# a quick question for Brompton owners



## Dirtyhanz (20 Dec 2014)

Hi dose any one know if New Bromptons come with a fitted pump or do I have to buy one forgot to ask when I ordered mine if not can any recommend a little pump that can fit on the bike or one that will fit in the front bag 
Thanks


----------



## palinurus (20 Dec 2014)

Mine came with a pump but that was some years ago. If yours doesn't a Brompton-specific pump which attaches to the rear frame is available.


----------



## TheDoctor (20 Dec 2014)

I think the steel ones do, but any with a Ti rear end don't.


----------



## the_mikey (20 Dec 2014)

Dirtyhanz said:


> Hi dose any one know if New Bromptons come with a fitted pump or do I have to buy one forgot to ask when I ordered mine if not can any recommend a little pump that can fit on the bike or one that will fit in the front bag
> Thanks



Current Bromptons come with a Zefal hand pump that fits in the rear triangle part of the frame.


----------



## annedonnelly (20 Dec 2014)

It does, but it's pretty rubbish. There's a warning - on the Brompton site, I think - that if you don't hold the connection onto the valve while using it you can damage the valve. 

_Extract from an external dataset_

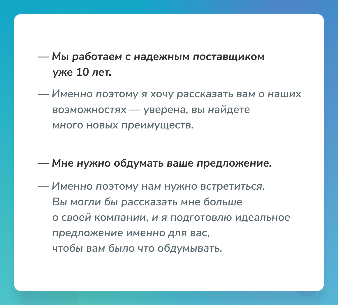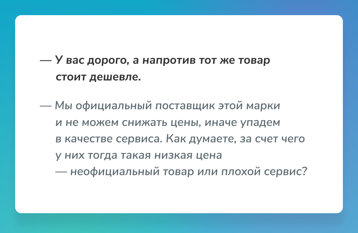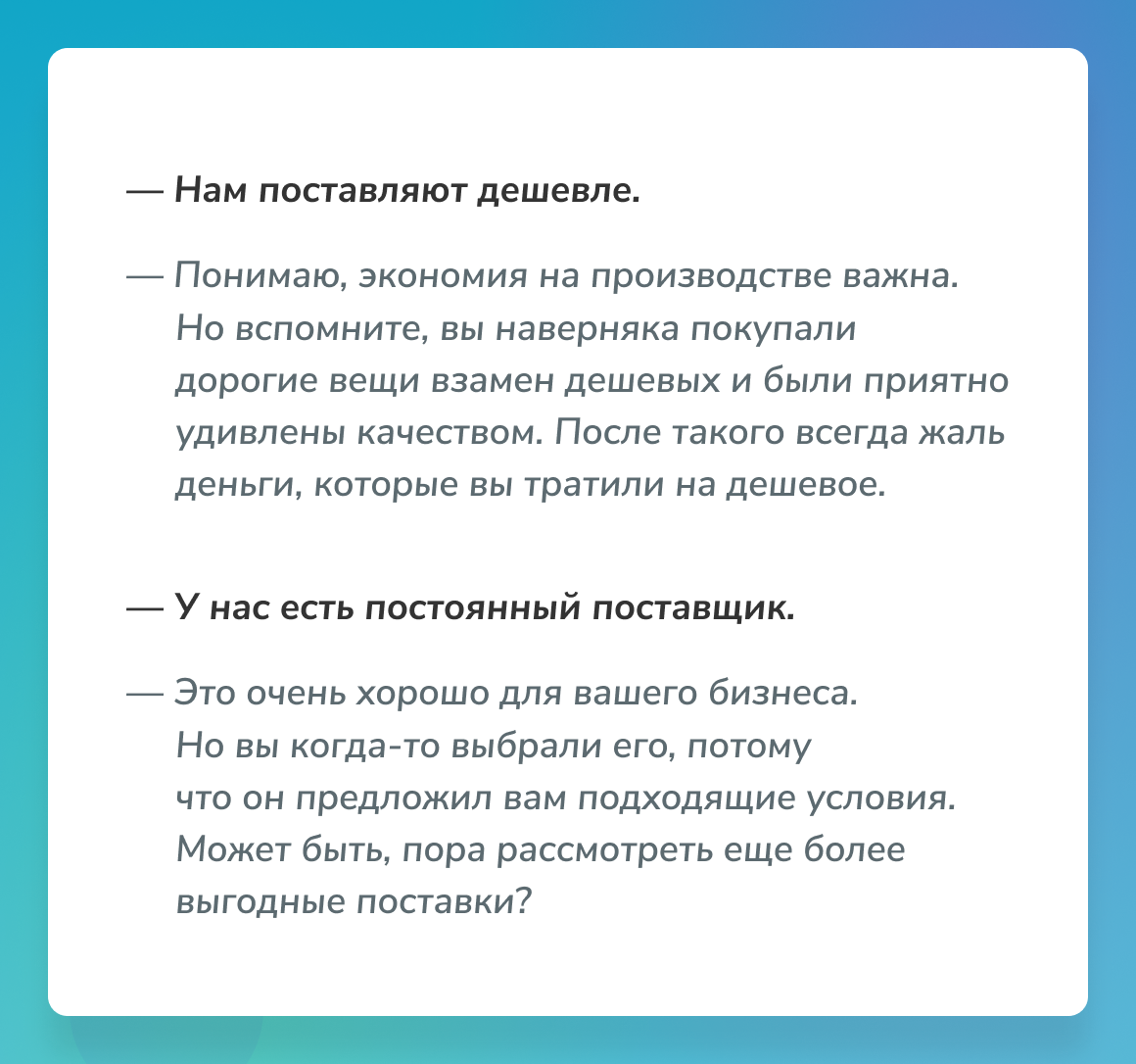 Как видите, в этом примере все этапы работы с возражениями — выслушали клиента, присоединились к нему, показали понимание проблемы, аргументировали цену и предложили перейти на следующий этап сделки.
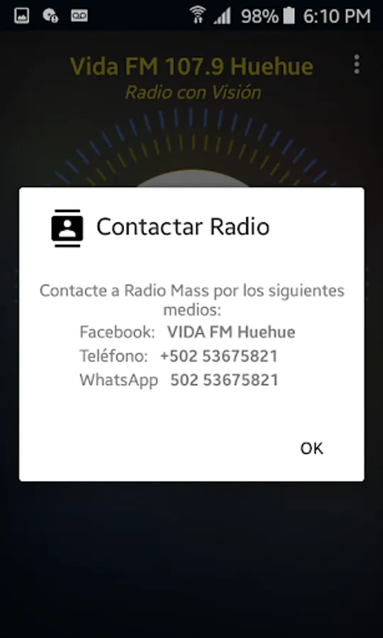 Vida FM Huehuetenango is an online evangelical Christian station live broadcasting on 107.9 in Frequency modulation. Carrying words of blessing through preaching, music and messages. And through our social networks, especially our facebook page with content that edifies the Christian people.

I've left mine on the bike, but only because it's useful to fix a little rear light to it.


----------



## Pale Rider (20 Dec 2014)

The Brommie pump isn't up to much as Anne says.

Used mine once on the road and it did manage to put some air in the tyre.

Part of the problem is its location where it gets showered in road dirt.

Mine has a small red collar which acts as a seal when the pump is closed.

I don't bother carrying another pump, partly because I have Marathon Pluses.

I've only had one puncture that I couldn't limp home on.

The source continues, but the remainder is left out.